You can either create a new branch with these changes in ESMG, or use dev/cefi MOM6 , which is almost identical to dev/gfdl
and dev/esmg
except for the interface changes.
I had three separate runs which all failed in the call to EOS.
I had a version with some interface changes, but I thought you had backed them out. How did this compile?
The new COBALTv3 requires geolat
(for day length calculation) and eqn_of_state
(for mixed layter density calculation), which need to be passed from MOM6 during generic_tracer_source call.

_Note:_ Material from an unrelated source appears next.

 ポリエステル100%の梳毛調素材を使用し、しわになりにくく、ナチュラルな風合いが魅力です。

I checked the source codes you used under /gpfs/f5/cefi/scratch/Katherine.Hedstrom/fre/Arc_12
:
MOM6_SIS2_COBALT_compile_symm/src/mom6/src/MOM6/src/tracer/MOM_generic_tracer.F90
: no interface changeMOM6_SIS2_COBALT_compile_symm/src.20240403.134121/mom6/src/MOM6/src/tracer/MOM_generic_tracer.F90
: no interface changeMOM6_SIS2_COBALT_compile_symm_a/src/mom6/src/MOM6/src/tracer/MOM_generic_tracer.F90
: no interface changeMOM6_SIS2_compile_ciod/src/mom6/src/MOM6/src/tracer/MOM_generic_tracer.F90
: old interface changes before #7 I think the reason why you can still compile the code is that we set geolat
and eqn_of_state
as optional inputs. This allows the generic_tracer_source
to still work with COBALTv2.
So do I need to be updating to pass the EOS as an optional argument? Is that what's failing? Should it fail in a more informative way if it doesn't get the EOS?

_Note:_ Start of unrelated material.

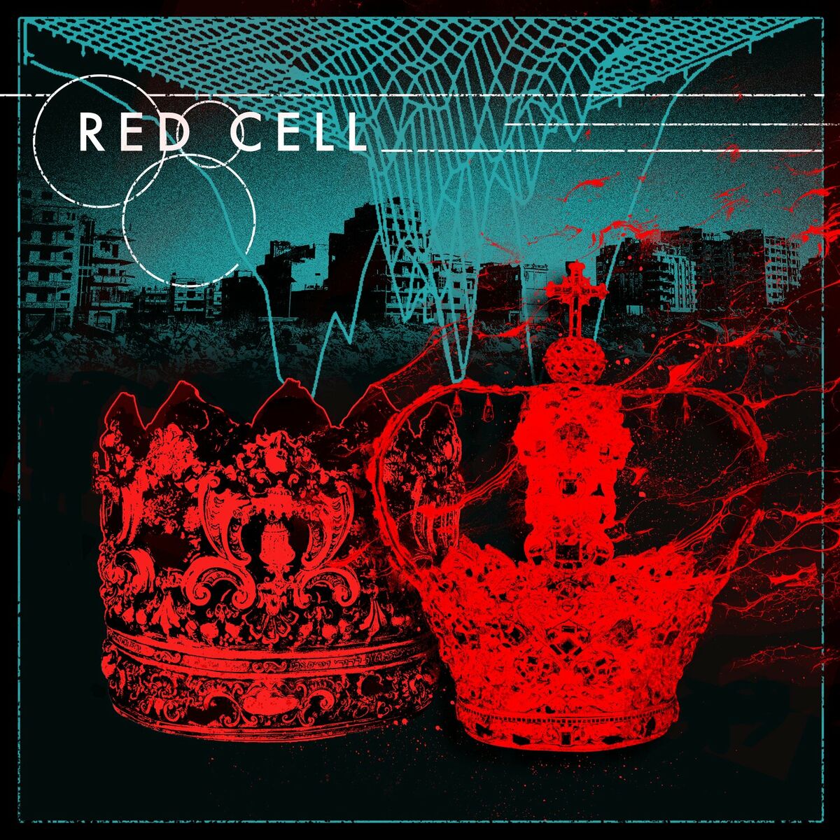 На изображении представлена обложка музыкального сингла группы Red Cell под названием "King and Queen in Ghost Town". Композиция датируется 2025 годом. Центральное место занимает изображение двух великолепных корон, выполненных в насыщенном красном цвете. Сзади можно увидеть силуэты заброшенных зданий, что создает атмосферу заброшенного города. Все элементы обложки переплетаются с геометрическими сетками светло-голубого оттенка, которые напоминают абстрактную карту или научную диаграмму, подчеркивающую современный и загадочный стиль композиции. Над коронами вдоль верхней части изображения написано название группы "Red Cell" белыми буквами. Так жилищно-графическая композиция выражает идею одиночества и величия среди руин, придавая синглу некий философский и драматический смысл.

Yes, you will need them if you are using COBALT from the latest dev/cefi ocean_BGC branch. @charliestock and @theresa-morrison , just keeping both you in the loop. If we decide to keep the density calculation within COBALTv3, we could consider adding a warning/fatal error as @kshedstrom suggested.
This issue has been address by PR#33. Will close it for now.
Yesterday's dev/cefi gave me this stack trace:
I recompiled with ec631ef65375de78c35a1891e67502b49b230507 and it runs past this (and runs into the imbalance issues).